The last cut is the deepest

Monday 12th September 2016

In a widely-anticipated move following Britain's vote to leave the European Union, the Bank cut the rate from 0.5% to 0.25% last month and added £70bn to its quantitative easing (QE) programme.

 

It said the vote for Brexit had led to a falling exchange rate and “weakened markedly” the outlook for growth in the short to medium term. The 25 basis point cut was the BoE’s first since 2009 and sees the rate fall to an all time low. The extra QE will include the purchase of £60bn of UK government bonds, taking the total stock of these asset purchases to £435bn from the current £375bn, and up to £10bn of UK corporate bonds.

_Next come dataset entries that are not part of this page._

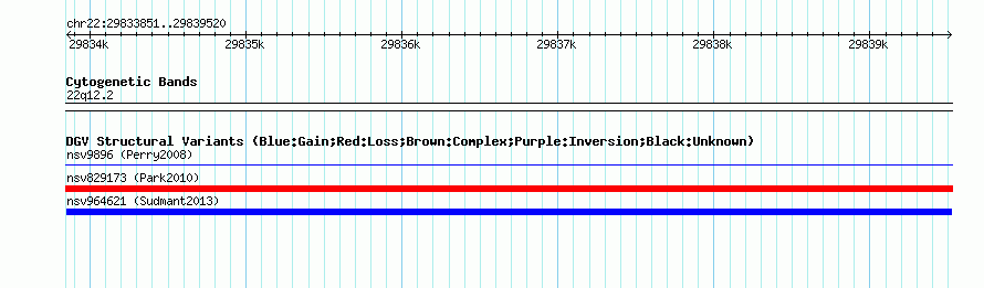 Variant DetailsVariant: nsv964621| Internal ID | 18599858 | | Landmark | | | Location Information | | | Cytoband | 22q12.2 | | Allele length | | Assembly | Allele length | | hg38 | 5670 | | hg19 | 5670 | | hg18 | 5670 |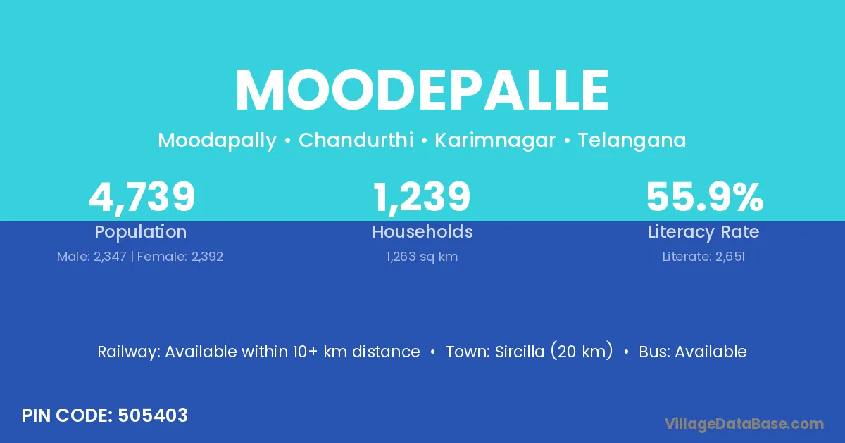 Sircilla (20 km) is the nearest town to Moodepalle village for major economic activities and is located approximately 20 km away.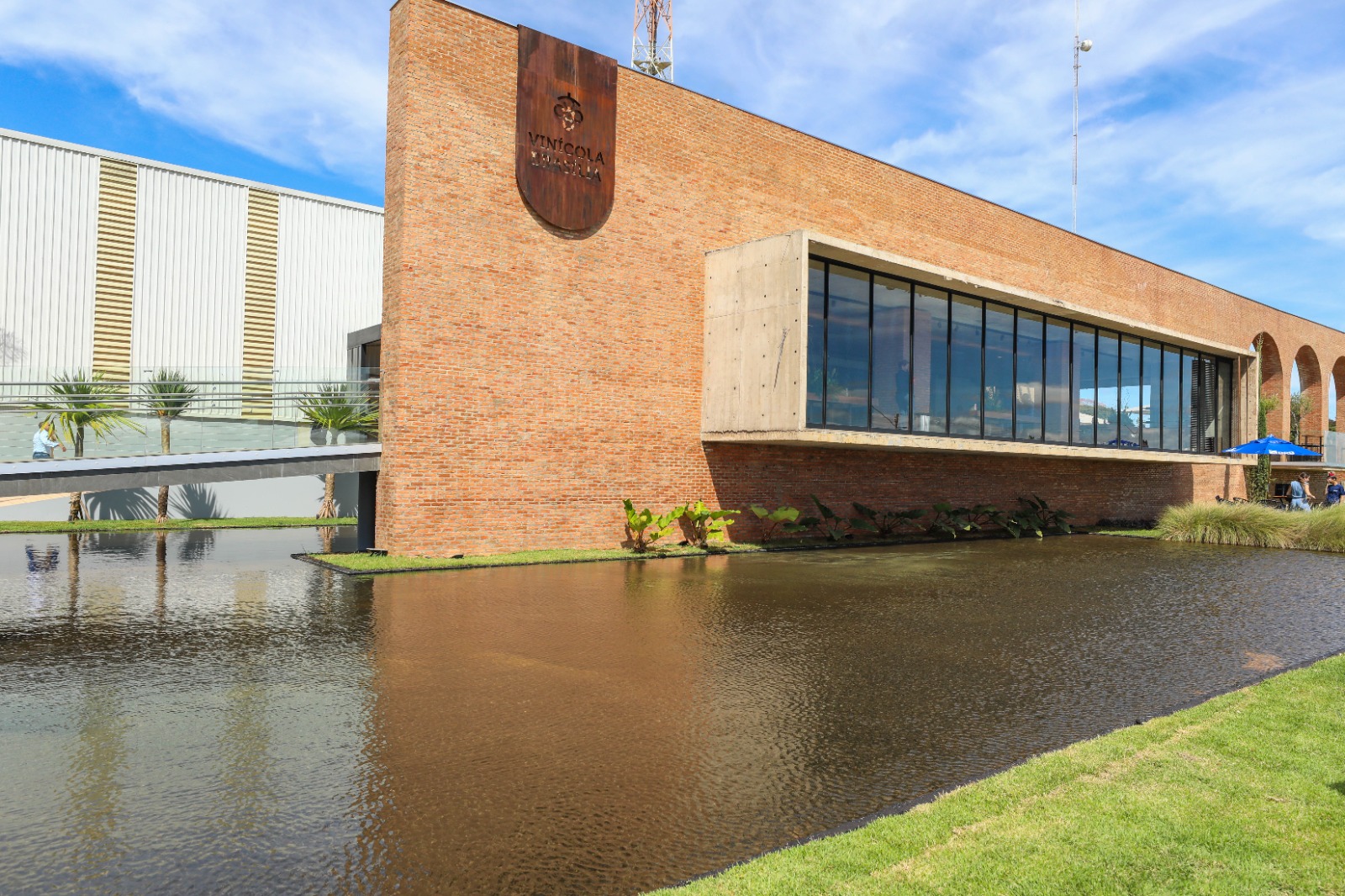 A arquitetura da vinícola remete a elementos típicos de Brasília: concreto, arcos e espelho d’água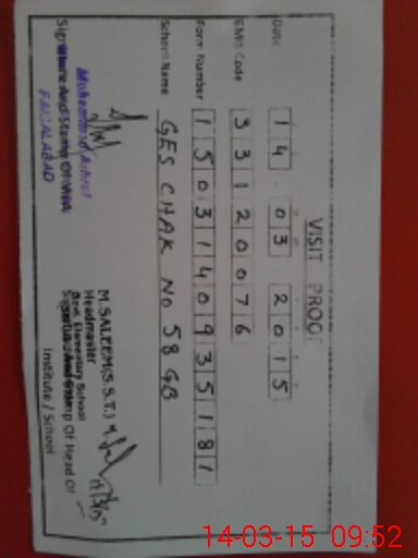 | EMIS Code: 33120076 | Name of School: GES CHAK 58 GB | |||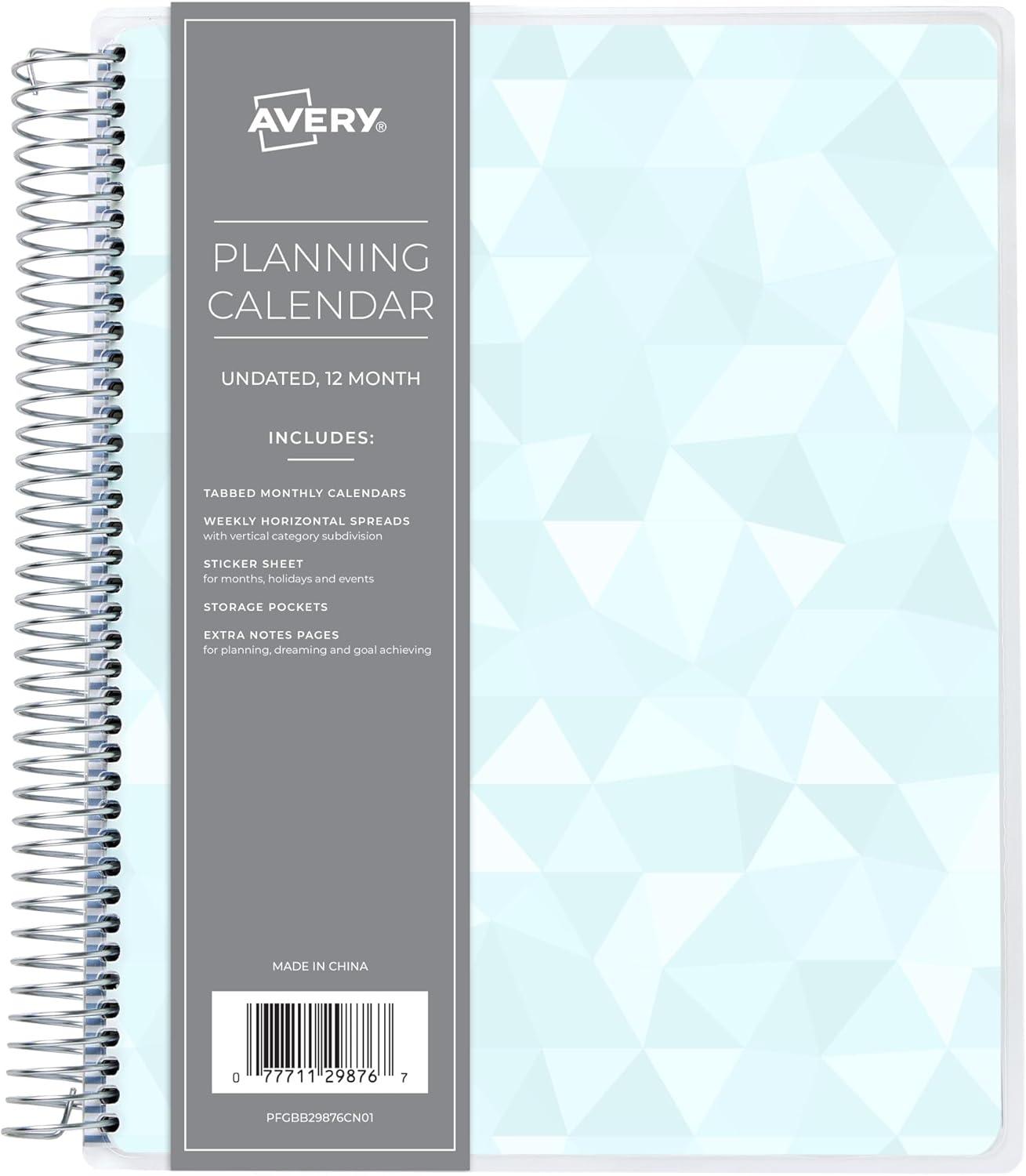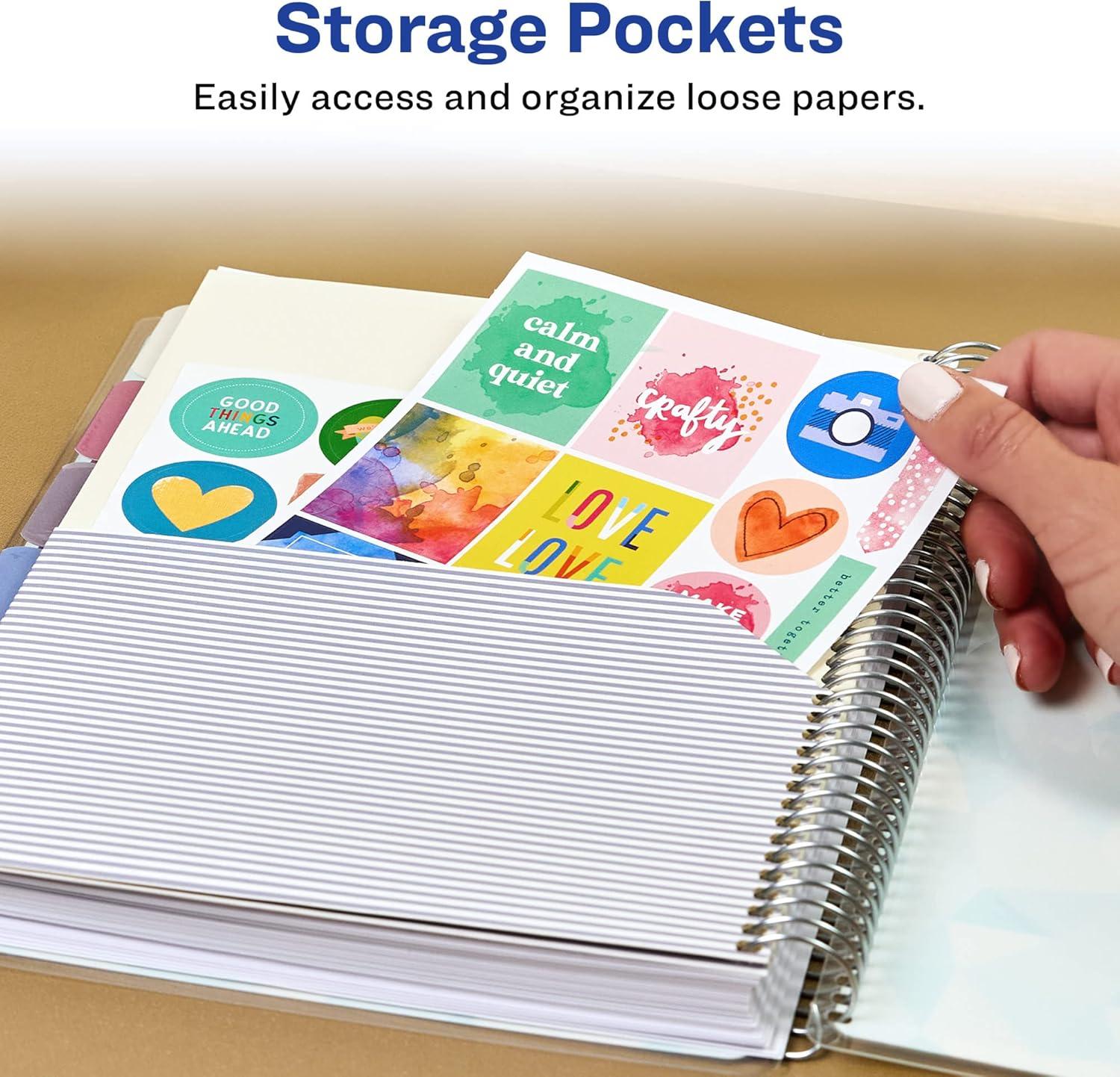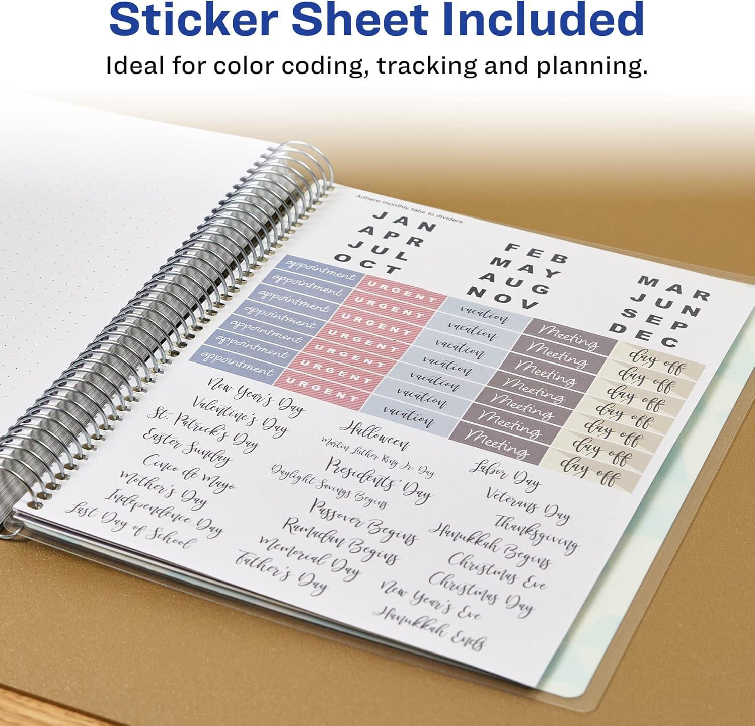 Stay organized throughout the year with Avery 29876 Planners in the Sage Harmony design. Title your undated 12 monthly tabbed dividers, using the accompanying monthly tab title stickers. This planner features a weekly two-page horizontal spread that lets you view your week at a glance. The minimalist chic design adds a simple splash of color and positivity to each day. Designed to last, the covers are made with water-resistant and tear-proof PVC that doubles as wet or dry-erase dashboards. Each page uses smooth, ultra-white 70lb / 120g uncoated sheets that complement most pens and are designed to resist smudging, bleeding and feathering. The spiral-bound planners lay flat allowing you to create your monthly or weekly works of art with ease. Also included is a sheet of planner stickers that work perfectly within the preprinted layouts, two extra pockets for loose sheets and extra note pages for drawings, diagrams and future planning.

Both 10 and 20-year gilt yields hit record lows following the announcement, with the yield on 10-year government debt falling to 0.67%. M&G, which composed the chart above, said the market had already priced in a 100% chance of a rate cut to 0.25%, but added: “What came as a surprise was the extent of the stimulus package, which could expand the bank’s balance sheet by £170bn, including £10bn of corporate bond purchases. Soft economic indicators released post referendum suggest a large decline in business activity and consumer confidence. Because of the likely downturn in economic growth in 2017 as indicated by the BoE slashing its growth forecasts from 2.3% to 0.8%, the MPC decided to act pre-emptively and has announced a package of measures aimed at supporting the UK economy.”

The rate cut, in combination with the post-Brexit fallout, caused the aggregate funding level for UK pension schemes to near an all-time low. PPF figures revealed the estimated deficit for the 5,945 defined benefit (DB) schemes eligible for entry to the lifeboat fund, increased from £383.6bn at the end of June to £408bn at the end of July – a funding level decrease from 78% to 77.4%. Blackrock head of UK strategic clients Andrew Tunningley said: “Pension scheme funding remains down in the dumps. The path of future rates is likely to be even lower for an even longer period, confirmed by the Bank of England’s decision to cut the Bank Rate to 0.25% and indications there could be further cuts to around zero.”